* What you need to do *
When you reproduce the listing, keep every word as it is and drop the pictures.

* Dataset content *

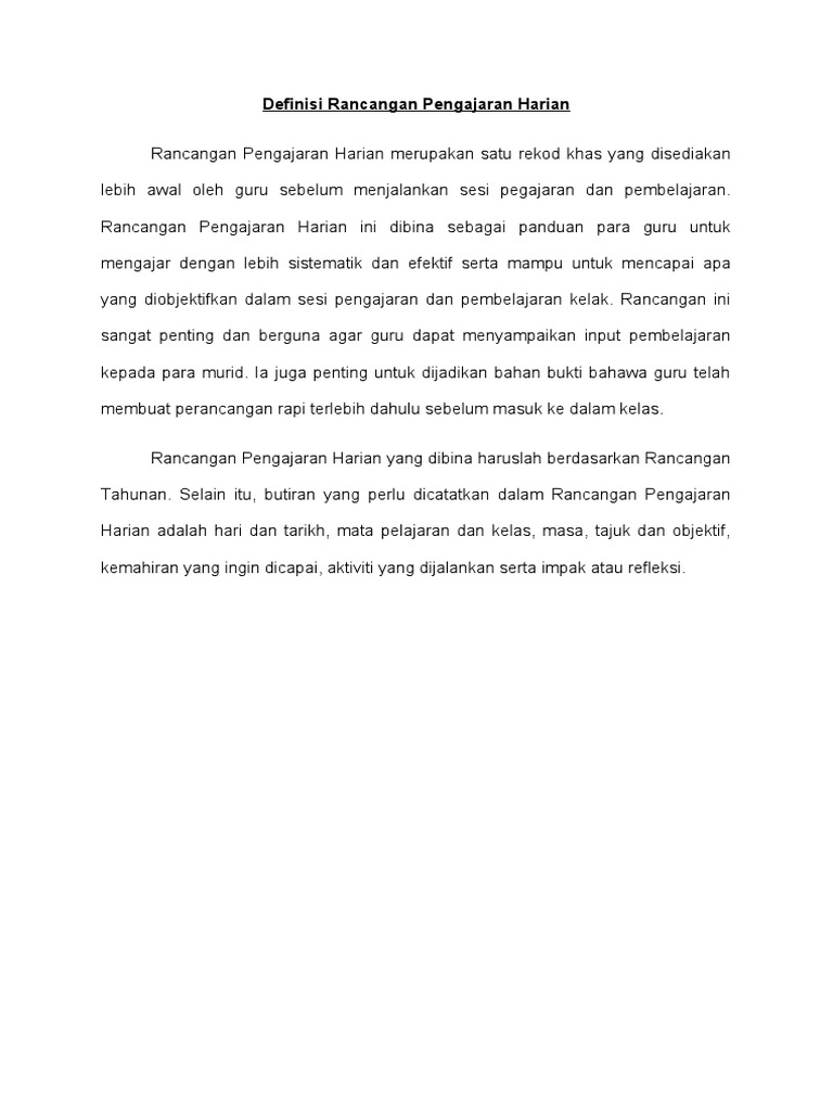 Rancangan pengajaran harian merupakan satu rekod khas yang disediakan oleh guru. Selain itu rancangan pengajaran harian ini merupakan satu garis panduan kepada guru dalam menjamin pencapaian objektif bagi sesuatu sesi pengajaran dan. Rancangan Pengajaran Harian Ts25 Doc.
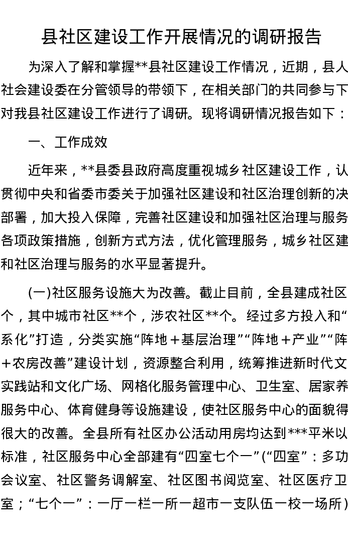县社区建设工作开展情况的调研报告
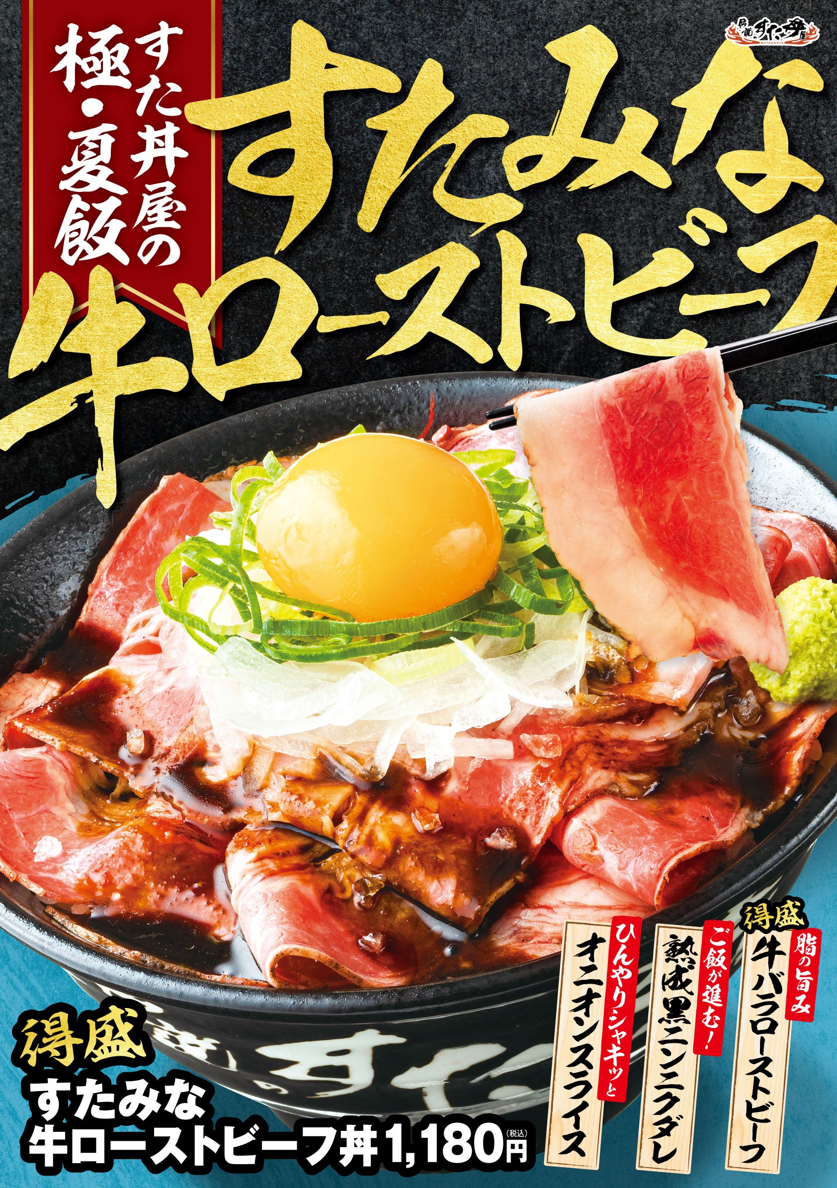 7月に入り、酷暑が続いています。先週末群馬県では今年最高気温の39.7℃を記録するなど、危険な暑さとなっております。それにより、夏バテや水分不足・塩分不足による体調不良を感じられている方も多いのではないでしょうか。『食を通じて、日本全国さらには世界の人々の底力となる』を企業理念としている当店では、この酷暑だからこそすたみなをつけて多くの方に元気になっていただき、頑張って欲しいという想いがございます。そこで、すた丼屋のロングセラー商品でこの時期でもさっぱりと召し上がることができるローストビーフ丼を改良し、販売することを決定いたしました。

* Result of this task *
 Rancangan pengajaran harian merupakan satu rekod khas yang disediakan oleh guru. Selain itu rancangan pengajaran harian ini merupakan satu garis panduan kepada guru dalam menjamin pencapaian objektif bagi sesuatu sesi pengajaran dan. Rancangan Pengajaran Harian Ts25 Doc.
县社区建设工作开展情况的调研报告
 7月に入り、酷暑が続いています。先週末群馬県では今年最高気温の39.7℃を記録するなど、危険な暑さとなっております。それにより、夏バテや水分不足・塩分不足による体調不良を感じられている方も多いのではないでしょうか。『食を通じて、日本全国さらには世界の人々の底力となる』を企業理念としている当店では、この酷暑だからこそすたみなをつけて多くの方に元気になっていただき、頑張って欲しいという想いがございます。そこで、すた丼屋のロングセラー商品でこの時期でもさっぱりと召し上がることができるローストビーフ丼を改良し、販売することを決定いたしました。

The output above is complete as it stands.